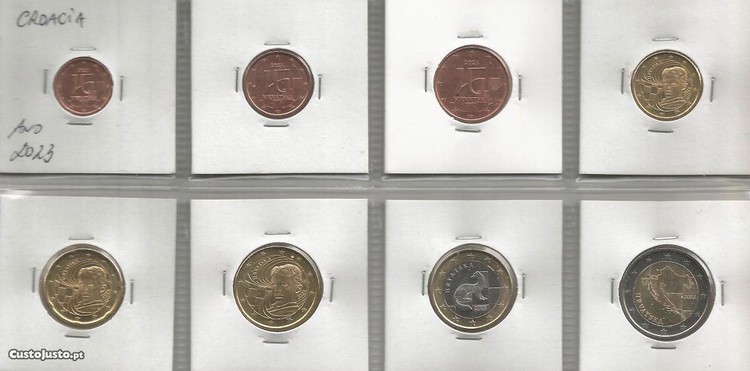 Colecção completa das 8 (oito) moedas correntes do ano 2023 da Croácia, no estado de conservação de (Soberbas). A Croácia aderiu à moeda única desde Janeiro deste ano de 2023 sendo estas as primeiras moedas de Euro deste País. Custos de envio 5 euro para uma ou mais peças de colecção.
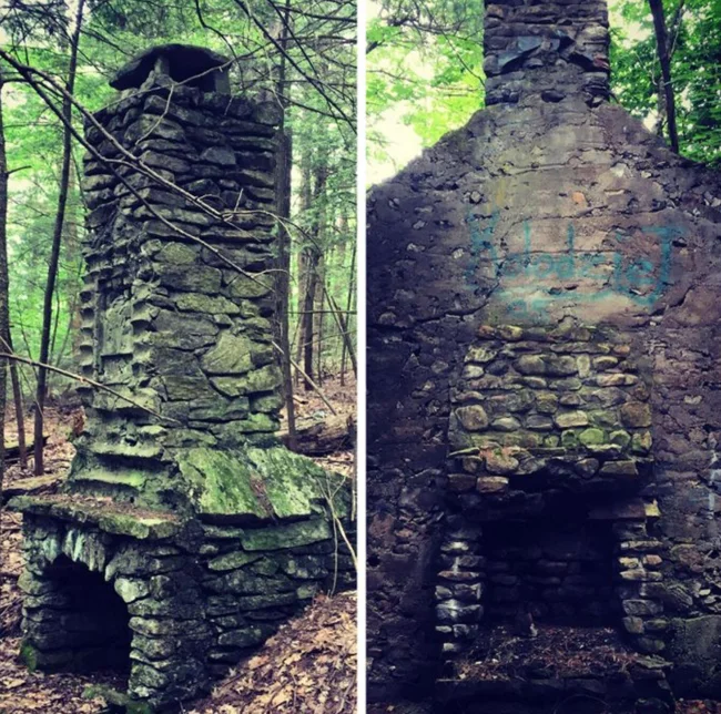 Это заброшенная усадьба в лесу. Ярко рисуется, как сюда приходят любители приключений и старины. Время безжалостно разрушает даже кирпичную кладку
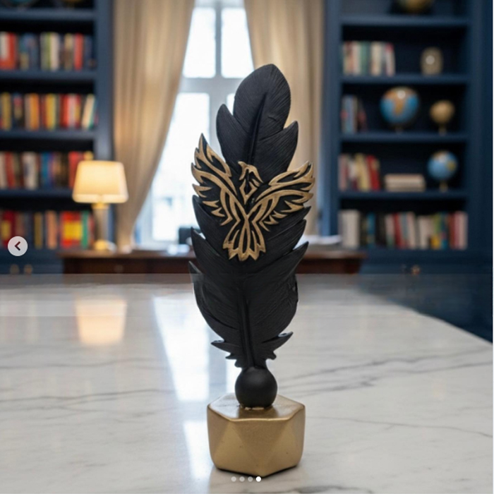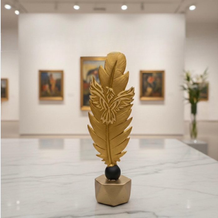 - Each statue is meticulously crafted, showcasing intricate feather details that capture the light beautifully, creating a striking visual impact. The rich gold finish contrasts elegantly with the deep black accents, making these pieces not just decorations, but conversation starters.
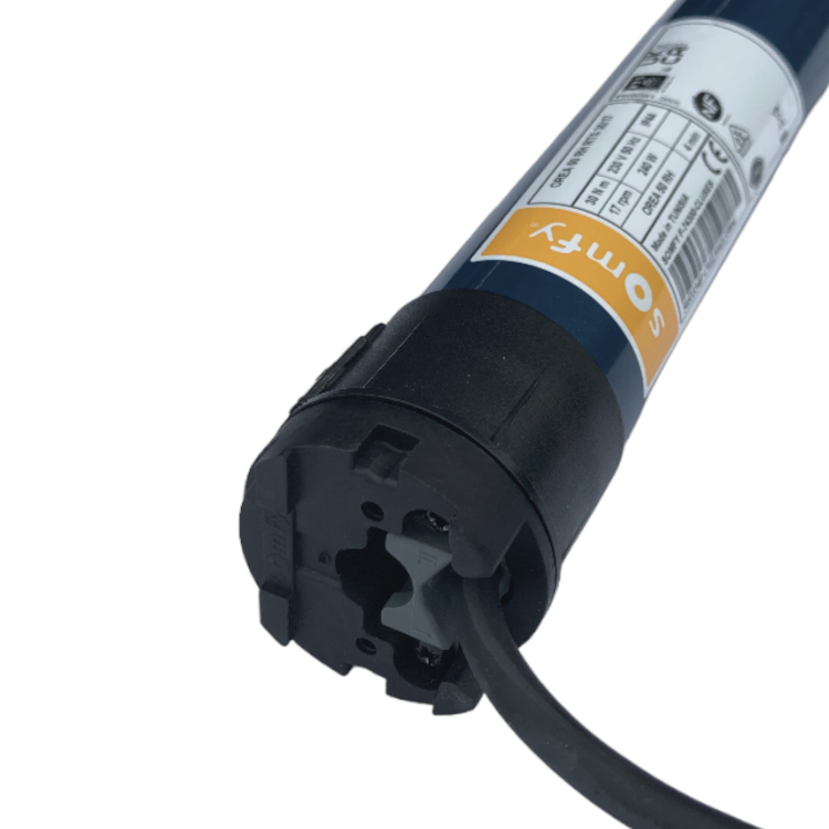Elektronischer, bidirektionaler Funkeinsteckantrieb Somfy Sunea 50 NHK io mit integriertem Anschluss für eine Notfall-KurbelbedienungInteraktives Funkantriebssystem mit Rü...
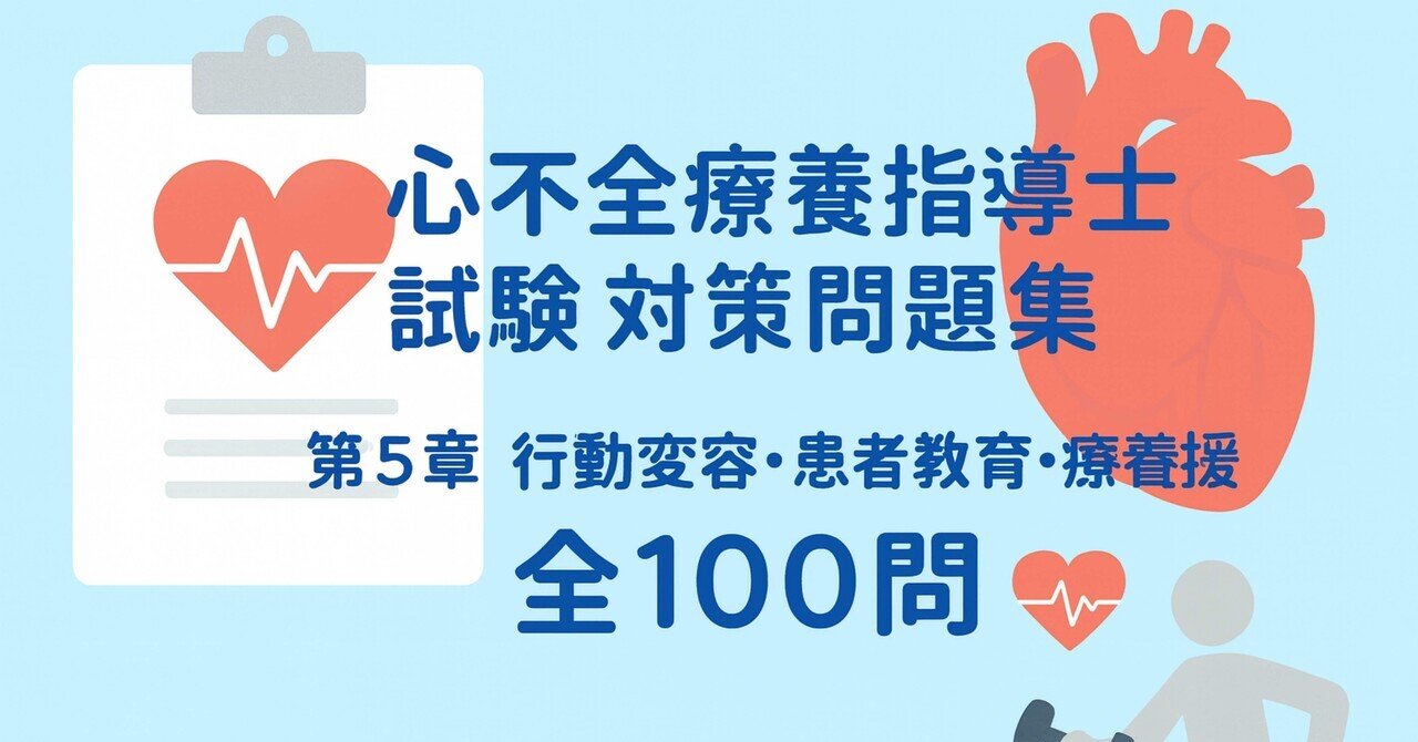 はじめに こんにちは。 本記事では、心不全療養指導士試験を目指す方に向けて、**第5章「行動変容・患者教育・療養支援」に特化した試験対策問題集(全100問)**をご用意しました。 本問題集は、誤字や脱字が含まれる可能性があります。また、すべ...
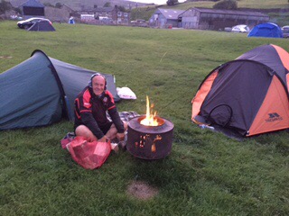 Then an early retreat to our tents and a bonfire outside, invaded by armies of midges. A little corner of Scotland in north England, land of the swarming midge, and Chip’s legs look like he’s got chicken pox. Poxy old get.
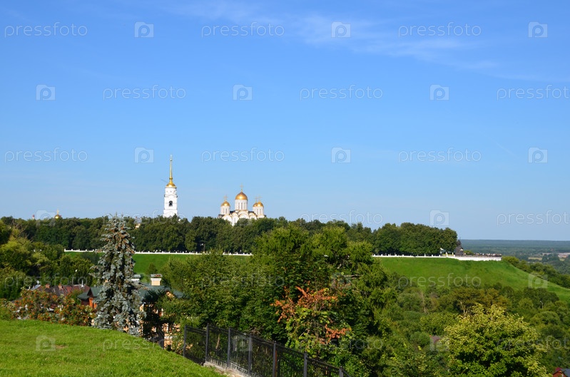 Успенский собор (Свято-Успенский кафедральный собор) в ясный солнечный день в городе Владимир, входящем в Золотое кольцо России
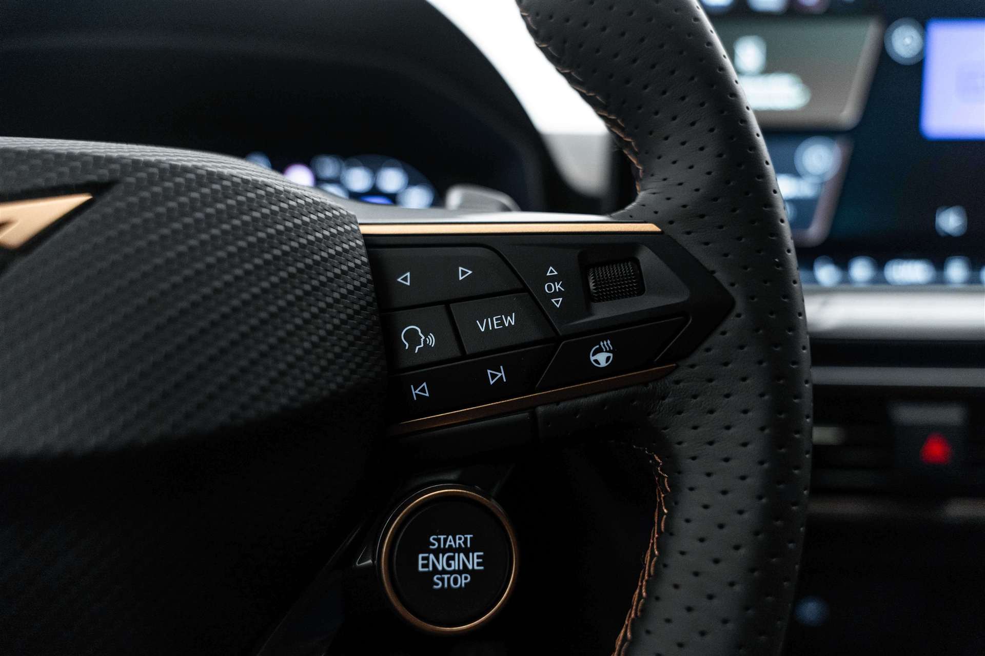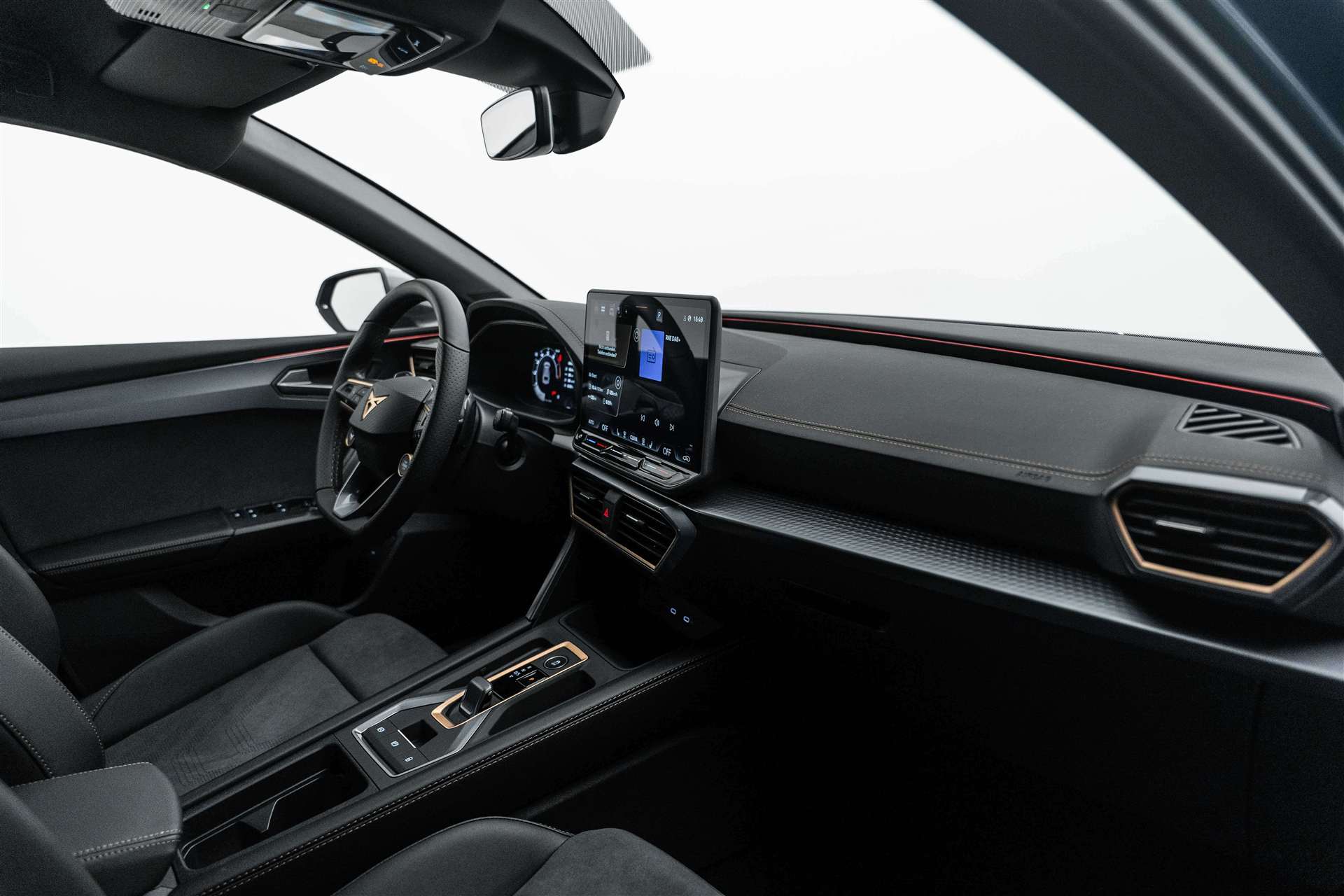 Abgedunkelte Scheiben ab B-Säule hinten, ABS, EBV elektronische Bremskraft-verteilung, Airbag: Airbag Beifahrer deaktivierbar, Airbag: Airbag Fahrer und Beifahrer, Airbag: Seitenairbags vorne mit Kopfairbag und Interaktionsairbag vorne, Alarmanlage mit Innenraumüberwachung, Allradantrieb permanent, Assist: Aufmerksamkeits- und Müdigkeitserkennung (ADA), Assist: Ausweichunterstützung / Abbiegeassistent, Assist: Automatische Distanzregelung ACC, Assist: Einparkhilfe vorne und hinten, Assist: Elektronische Parkbremse mit Auto Hold Funktion, Assist: Lane assist (Spurhalteassistent), Assist: Multifunktionskamera, Assist: Multikollisionsbremse, Assist: Prädiktive Speedlimiter, Assist: Regen-/Lichtsensor, Assist: Rückfahrkamera, Assist: Tempomat, Assist: Traction Control (TCS), Assist: Traffic sign recognition (Verkehrszeichenerkennung), Aussenspiegel elektrisch einstell-, beheiz- und einklappbar mit Memory -Funktion, CUPRA Drive Profile mit "driving experience button" Comfort, Performance, Drift, Individual, Dachhimmel Schwarz, Dekor: Dekorblenden in Copper, Dekor: Dinamica Ambiente, Dreipunkt-Automatiksicherheitsgurte auf allen Plätzen, Elektrische Fensterheber vorne und hinten mit Komfortschaltung und Einklemmschutz, ESC mit EBA, DSR und Reifendruckkontrolle, Fahrwerk: Adaptive Fahrwerksregelung DCC, Full Digital Cockpit, Fussmatten vorne und hinten, Getriebe: 7-Gang DSG, Heckklappe elektrisch öffnend "Virtual Pedal", Heckscheiben-Wisch-/Waschanlage mit Intervall, Innenspiegel automatisch abblendbar, Klima: 3-Zonen Climatronic mit Fondraumbedienung, Lackierung: Uni-Lackierung, LED-Innenraumbeleuchtung mit Ambientebeleuchtung Smart Wraparound "Multicolor", Lenkrad: Supersportlenkrad mit Start-/ Drive Profile-Knopfsystem und Schaltwippen, beheizbar, Licht: Coming Leaving Home Funktion, Licht: Drittes Bremslicht, Licht: Durchgehende Full LED-Heckleuchten, Licht: Dynamische LED-Blinker, Licht: Fernlicht-Assistent, Licht: LED Heckleuchten mit beleuchtetem 3D CUPRA Logo, Licht: LED-Nebelscheinwerfer mit Cornering-Funktion, Licht: LED-Scheinwerfer für Abblend- und Fernlicht, Licht: LED-Tagfahrlicht, Licht: Leuchtweitenregulierung, Licht: Nebelschlussleuchte, Media: 12,9" Infotainment (MIB3), Media: 2 USB C Anschlüsse hinten und vorne, Media: 6 Lautsprecher, Media: CUPRA Connect Remote & Access, Media: CUPRA Connect Safety & Services, Media: CUPRA Connectivity Box, Media: CUPRA FullLink, Media: DAB+ (Digital Audio Broadcasting), Media: Mobiltelefon Freisprechanlage Bluetooth, Media: Sprachsteuerung, Netztrennwand, Paket: DYNAMIC DESIGN, Paket: EDGE, Pyrotechnische Gurtstraffer und Gurtkraftbegrenzer vorne, Räder: Alufelgen 8J x 19", "POLAR" Machined in Sport Black Silver, Räder: Reifenreparatur-Set (Tire Fit), Schlüsselloses Schliess- und Startsystem (KESSY Advance), Servolenkung mit geschwindigkeitsabhängiger Lenkkraftunterstützung, Sicherheitsgurtkontrolle für alle Sitze, Sitze: 2 verstellbare Kopfstützen vorne und 3 hinten, Sitze: CUPRA Sport Schalensitze in Dinamica "Black/Blue", Sitze: Fahrer- und Beifahrersitz mit Lendenwirbelstütze, Sitze: Fahrersitz elektrisch einstellbar mit Memory-Funktion, Sitze: Geteilt abklappbare Rücksitzlehne 1/3 - 2/3, Sitze: Kindersitzverankerung ISOFIX hinten, Sitze: Kopfstützen vorne (integrierte), Sitze: Lendenwirbelstütze Fahrerseite elektrisch einstellbar, Sitze: Lendenwirbelstütze in den Vordersitzlehnen, Sitze: Mittelarmlehne hinten, Sitze: Mittelarmlehne vorne, Sitze: Sitzheizung für Vordersitze, getrennt regelbar, Sonnenblende Fahrer und Beifahrerseite, Stopp - Start- und Rekuperationssystem, Variabler Ladeboden, Vollverzinkte Karosserie, Wärmeschutzverglasung, Wegfahrsperre elektronisch, Zentralverriegelung mit Funkfernbedienung, 2 Funkschlüssel
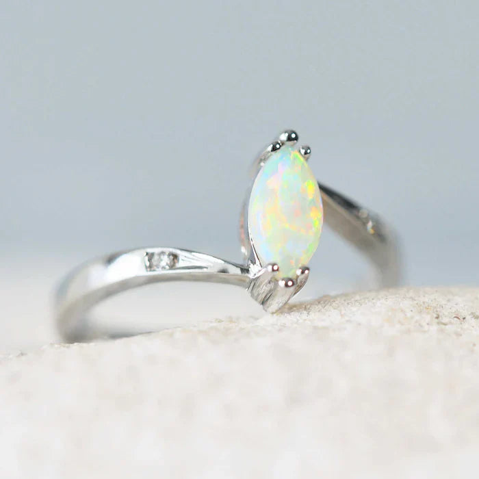 洗練された雰囲気とモダンなデザインが見事に融合した「アリエル」 。14カラットのホワイトゴールドに、南オーストラリア産の美しいマーキスシェイプのクリスタルオパールをあしらったリング。多彩な色合いが美しく輝き、美しく輝きます。爪留めされた2石のホワイトダイヤモンドが、より一層の輝きを添えます。夜のお出かけにドレスアップする時も、コレクションに個性的な一品を加えたい時も、このリングはきっと目を惹くでしょう。
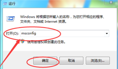 然后在输入框中输入【msconfig】,再点击下方的【确定】按钮,如下图所示。
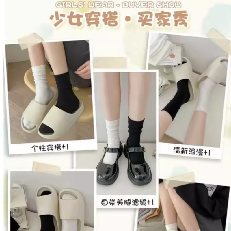 月子袜 无骨2025新款 白色堆堆袜子女秋冬薄款 中筒袜棉袜配小皮鞋
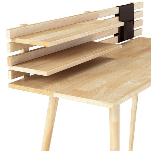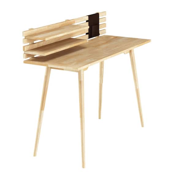 Routon 47.2 in. Rectangular Natural Solid Wood Writing Desk with Shelves
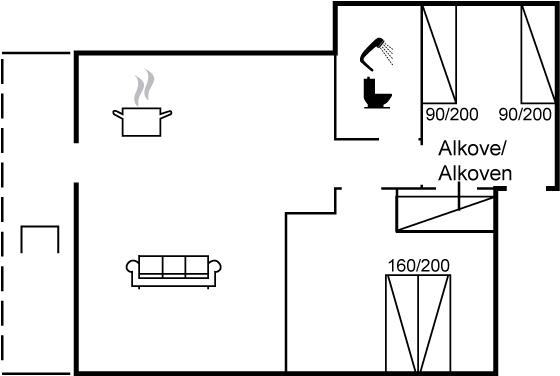 Der er i alt 2 soveværelser. Sovepladserne fordeler sig på: 2 sovepladser i dobbeltseng. 3 sovepladser i enkeltsenge. Derudover er der 1 stk. barneseng.

_WORK TASK_
The answer must be the exact lines from the line with "月子袜 无骨2025新款 白色堆堆袜子女秋冬薄款 中筒袜棉袜配小皮鞋" to the final line of the data, both ends included, with no pictures.

_OUTPUT OF THE TASK_
 月子袜 无骨2025新款 白色堆堆袜子女秋冬薄款 中筒袜棉袜配小皮鞋
 Routon 47.2 in. Rectangular Natural Solid Wood Writing Desk with Shelves
 Der er i alt 2 soveværelser. Sovepladserne fordeler sig på: 2 sovepladser i dobbeltseng. 3 sovepladser i enkeltsenge. Derudover er der 1 stk. barneseng.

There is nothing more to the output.